Project Category:
Computer Vision and/or Art
Project Idea:
Urbanize explores how AI interprets—and generates—urban environments through human-perceived attributes like wealth and liveliness. Inspired by Deep Learning the City and the Place Pulse 2.0 dataset, we build a Dual-Conditional GAN that learns not only to generate photorealistic street scenes but to systematically manipulate socioeconomic and activity-based attributes.
Instead of training a GAN on raw images alone, we condition both the Generator and Discriminator on two human perception labels: wealth and liveliness
The Discriminator (Judge) performs two tasks simultaneously: Realism: Is the image real or generated? Attribute Accuracy: Does the generated image match the intended wealth & liveliness levels?
The Generator must therefore produce images that are both realistic and perceptually consistent with the requested attribute values. By exploring this 2D conditioning space, we can observe how the model visualizes the interactions between these social cues.
A core part of the project focuses on analysis:
Qualitative Analysis We visualize the GAN’s output as we vary wealth (vertical direction) and liveliness (horizontal). This allows us to interpret what visual cues the model uses—greenery, cars, density, building height, etc.—and how attributes combine or conflict.
Quantitative Analysis We analyze training dynamics, track adversarial imbalance, and compare models trained on different attribute configurations (baseline, wealth-only, multi-attribute, and wealth+lively). We also evaluate whether conditioning stabilizes or destabilizes training.
This project directly engages with course concepts (CNNs, GANs, conditional architectures, loss design) and provides rich grounding for an ethics discussion around biased perception, urban aesthetics, and fairness in machine learning.
What are some key limitations you anticipate facing when working on this project?
We anticipate several challenges as we scale Urbanize. Training a dual-conditional GAN is inherently unstable, and adding multiple perceptual attributes may increase the risk of mode collapse, adversarial imbalance, or low-fidelity outputs. Ensuring stable convergence, especially while generating fine-grained urban detail, will likely be one of the technical bottlenecks of the project.
A second limitation arises from the dataset itself. Place Pulse 2.0 contains subjective, culturally dependent ratings of “wealth” and “liveliness,” which may encode human biases. Since the model learns directly from these perceptions, we expect it to reproduce or even amplify these biases in its generated scenes. This raises questions about fairness and interpretability that will be central to our analysis.
Finally, evaluating success will be challenging because generative quality and perceptual accuracy are difficult to quantify. We anticipate relying heavily on qualitative latent-space explorations and auxiliary prediction models rather than objective metrics. As a result, interpreting the model’s behavior and distinguishing meaningful patterns from correlations will demand careful, visually grounded analysis.
To mitigate these risks, we have a clear fallback plan: if the full dual-conditional GAN proves too unstable, we will decouple the problem.
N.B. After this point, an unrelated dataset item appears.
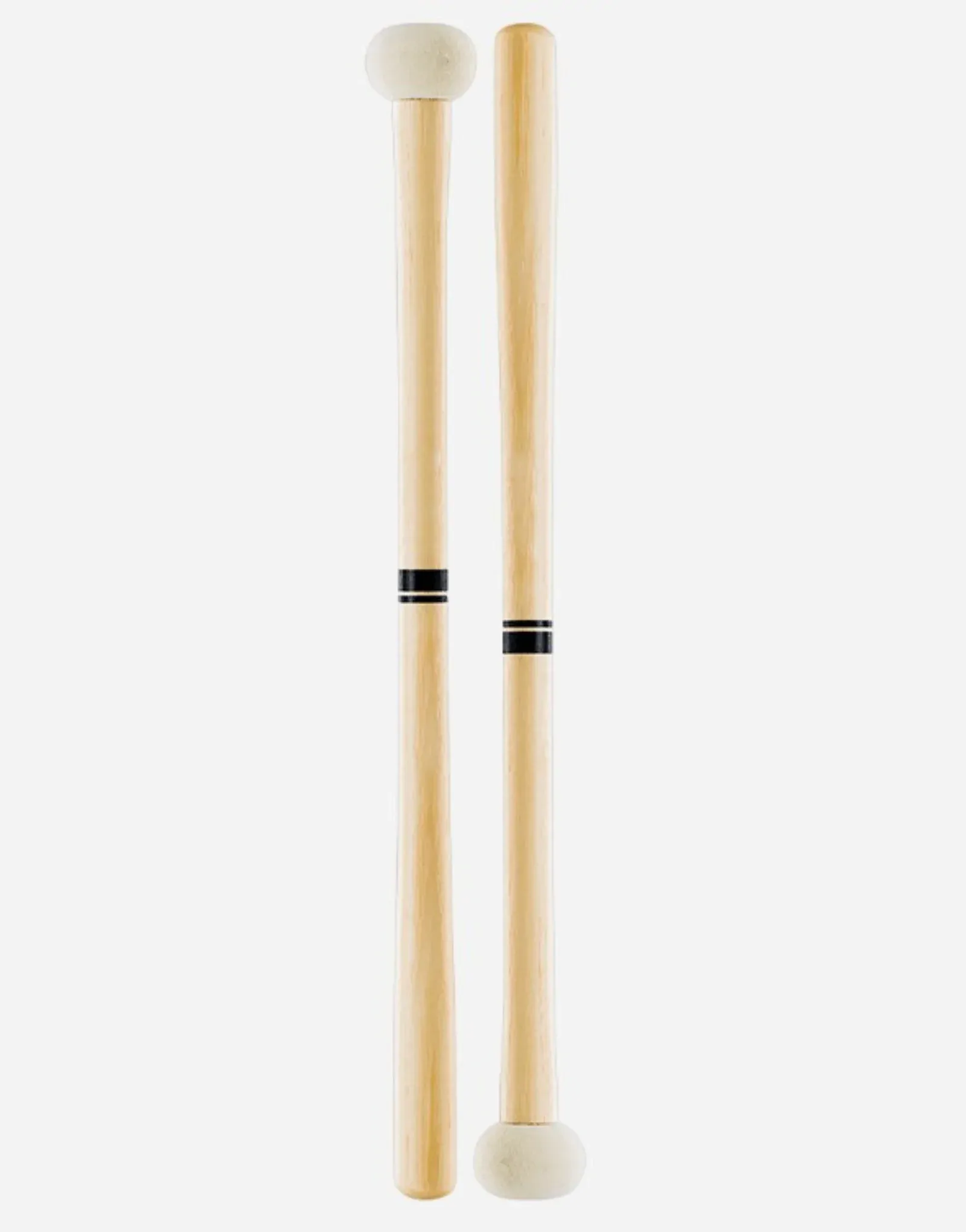 The Promark PSMB1 Performer Series Marching Bass Drum Mallets are designed for bass drums sized 356mm–457mm (14"–18"), offering excellent balance and projection. Each mallet features a dense felt head on a tapered hickory handle, with a comfort flare grip for improved control. Promark’s patented core moulding process ensures consistent weight, shape, and feel for reliable sound every time. The enhanced winding process increases wrap durability, letting you focus on your performance rather than mallet wear. Proudly designed, engineered, and manufactured in the USA. At Riffs & Licks Music, we think these mallets are the perfect choice for students and performers seeking quality, consistency, and comfort on the field.

First, we will train a high-quality attribute-prediction model. Then, we will freeze it and use its outputs as a fixed guidance signal to steer a standard GAN. This two-stage pipeline offers a more stable pathway to meaningful results.
Project Data Ideas:
Place Pulse 2.0 (PP2)
Our primary dataset. Contains 110,688 Google Street View images with human-rated perception scores in wealth, liveliness, safety, and more.
This dataset gives us meaningful socioeconomic signals and is directly aligned with our research question.